After being at sea for 30 days, I happened to be doing my turn as the ship’s night guard. On being relieved at 2am, I returned to the fo‘c’sle forecastle where the ship’s guard was quartered. I had been dozing in my hammock for about half an hour when we were awakened by a loud crashing noise directly underneath us. One Trooper answering the general cry of “What’s happening?”, saying, “We are just bumping against the dock in Cape Town.” The ship began to swing over at an angle. The noise on deck of horses trying to keep their feet and cries of men shouting orders, reverberated through the ship. Then came the shrill blast of the Bosun’s whistle and urgent shouts of “All hands on deck.” At this call, the Sergeant of the Guard ordered all the guards on deck and instructed the trumpeter to sound the alarm.
When we arrived on deck, we noticed that the engines had stopped and that officers and NCOs were shouting orders for everyone to parade at their boat stations, which in the pitch darkness of the night, was not easy. Our officers then called the roll and enquired whether we all had our lifebelts adjusted. A few men from each troop were instructed to stand by our horses. By now, everybody had realised that our ship had struck a rock and was aground. We could hear the roar of the surf breaking around the rocks and we were enveloped in a fine mist.
Orders were now passed along the ship that we were to remain silent at our stations and not to move about. We were also informed that our commanding officer, the ship’s captain and the Chief Engineer were down below to ascertain the extent of the damage done. At a later stage, orders were issued that we could stand easy and that a few men from each troop would be allowed below to our messes to fill our haversacks with everything required for an emergency.
The men now started discussing the situation, wondering where we were wrecked, how far it was to Cape Town and also blaming the man on lock-out at the fore Crow’s Nest for not seeing the rocks in time. There were many questions that we asked each other. Would the ship stay wedged on the rocks or would it slide off and sink before we could disembark? Eventually my turn came to go below to put some kit into my haversack. Whilst getting it from my large duffle bag, all the lights went out. Thereupon, I grabbed my haversack and made my way between mess tables, stumbling over kit bags and other odds and ends flung about on the deck, strewn everywhere, dislodged by the force with which the ship had struck the rock.

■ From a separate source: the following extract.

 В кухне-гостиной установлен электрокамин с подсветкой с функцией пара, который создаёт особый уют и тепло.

After wandering cluelessly around in the darkness, at last I stumbled against the gangway to the deck above. I was extremely relieved to breathe the cool fresh air as I regained my troop at their Boat Station. The first signs of dawn were now showing over the eastern sky and we could see rocks and land over the side. The crew were now ordered to lower the lifeboats which was the first intimation that the ship had to be abandoned.

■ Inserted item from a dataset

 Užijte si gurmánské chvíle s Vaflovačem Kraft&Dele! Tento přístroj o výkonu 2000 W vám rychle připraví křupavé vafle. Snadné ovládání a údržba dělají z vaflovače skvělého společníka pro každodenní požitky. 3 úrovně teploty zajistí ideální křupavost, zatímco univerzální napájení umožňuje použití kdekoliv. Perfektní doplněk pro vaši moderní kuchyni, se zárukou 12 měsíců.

Our officers now gave instructions for some of us to open the iron doors in the side of the ship and to lead our horses out of their stalls so that they could be given a chance of swimming ashore. Many of them refused to leap into the water. To force them overboard, we attached two surcingles together with a man at each end and heaved them over.

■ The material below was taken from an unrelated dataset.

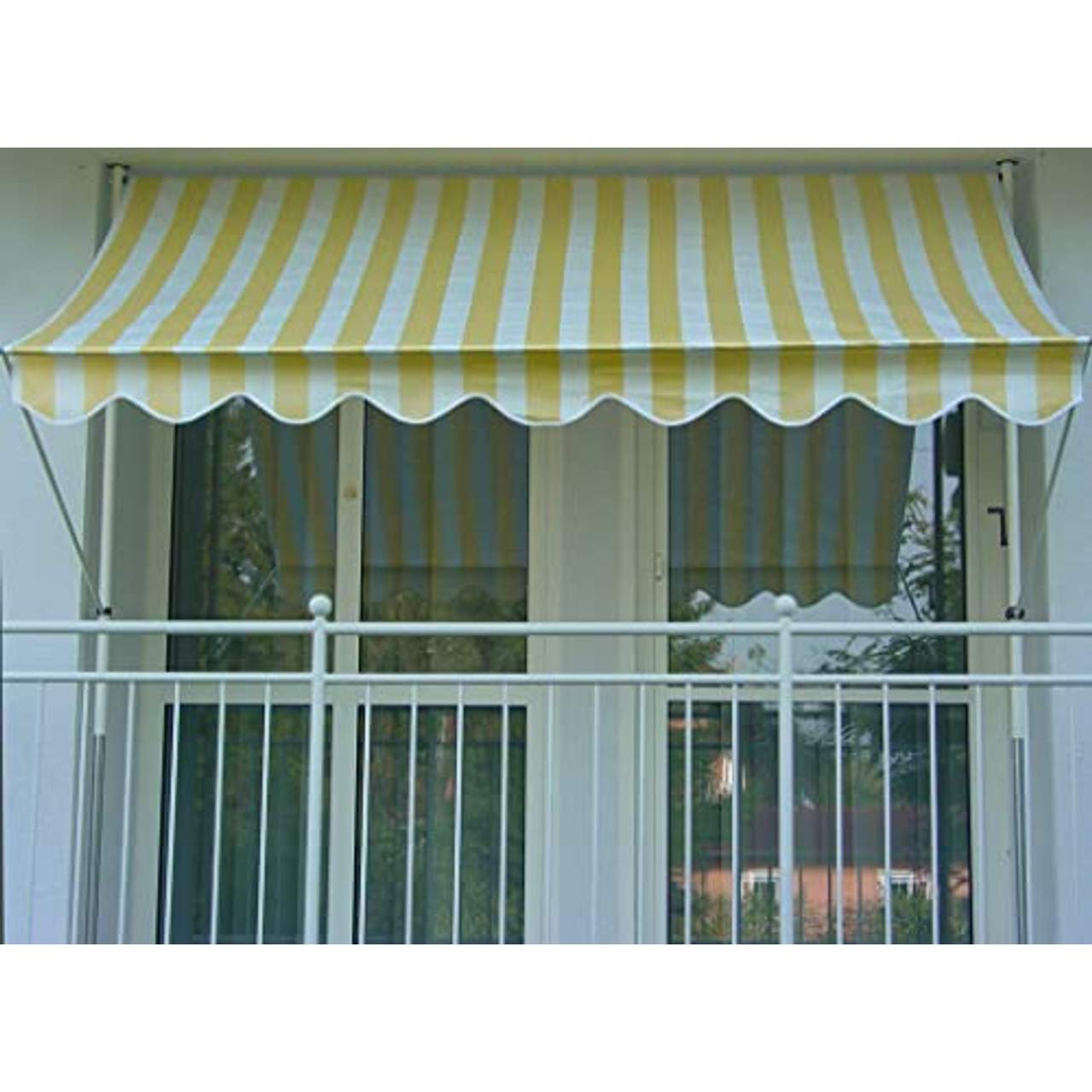 Angerer 2306/1002 Klemmmarkise PE-Gewebe BlockstreifenDie Angerer Klemmmarkise mit gelb-weiß gestreiftem Bezugstoff wird ganz einfach durch Einklemmen zwischen Boden und Decke montiert, ohne lästiges Bohren und Dübeln. Sie lässt sich vollkommen rückstandslos demontieren und ist somit ideal für Mietwohnungen geeignet. Stufenlos Einstellbar Die Einbauhöhe ist von 225 bis 275 cm stufenlos verstellbar.Der Bezug besteht zu 100% aus Polyethylen (200 gr/m²). Das Kunststoffgewebe ist wasser- und schmutzabweisend beschichtet und abwischbar. Einfaches Ein- & Ausfahren Das Tuch kann bis maximal 150 cm ausgerollt und in der gewünschten Position festgestellt werden. Ein im Klemmpfosten verborgener Kettenantrieb lässt die Markise leichtgängig ein- und ausfahren. Die Kurbel ist wahlweise links oder rechts montierbar.Die angegebene Breite bezieht sich auf die Gesamteinbaubreite der kompletten Markise, inklusive Gestänge (von Außenkante zu Außenkante gemessen). Stabiles Grundgerüst Das Gestell in der Farbe weiß besteht aus verzinktem und pulverbeschichtetem Stahl.

Volunteers were then requested from among the troops to assist in rowing the lifeboats to the nearest beach. I was one of those who volunteered. The others were employed on jobs such as gathering saddlery, arms and equipment from the holds and lowering it into the boats. I happened to be in the first boat to reach the beach. We had to row very carefully dodging the rocks. By now the sun had risen high up in the sky. The shore proudly displayed high sand dunes and rocks and the littoral stretched away both north and south from us. Based upon this fact, we guessed that the shore was on the mainland and not an island off the South West African coast as many of us had conjectured.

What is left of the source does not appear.